### DESCRIPTION OF THE TASK
The listing below must be repeated word for word, without its pictures.

### GIVEN MATERIAL
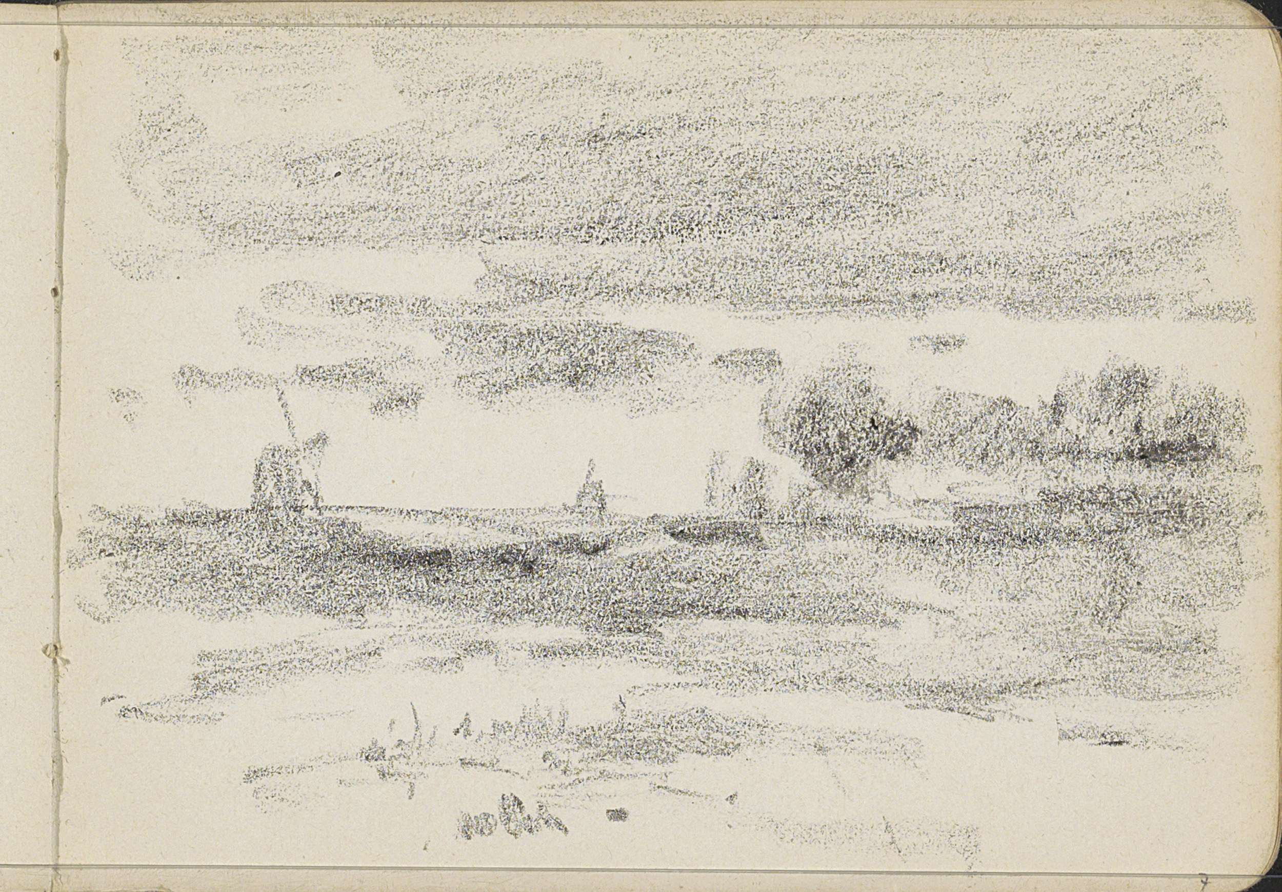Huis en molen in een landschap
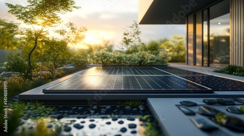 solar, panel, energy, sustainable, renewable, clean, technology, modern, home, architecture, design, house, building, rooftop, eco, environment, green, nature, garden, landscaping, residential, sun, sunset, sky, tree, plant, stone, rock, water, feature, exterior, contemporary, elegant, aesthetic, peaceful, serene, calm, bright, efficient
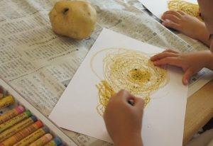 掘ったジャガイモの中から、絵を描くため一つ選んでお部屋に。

### SOLUTION TO THIS PROBLEM
Huis en molen in een landschap
 solar, panel, energy, sustainable, renewable, clean, technology, modern, home, architecture, design, house, building, rooftop, eco, environment, green, nature, garden, landscaping, residential, sun, sunset, sky, tree, plant, stone, rock, water, feature, exterior, contemporary, elegant, aesthetic, peaceful, serene, calm, bright, efficient
 掘ったジャガイモの中から、絵を描くため一つ選んでお部屋に。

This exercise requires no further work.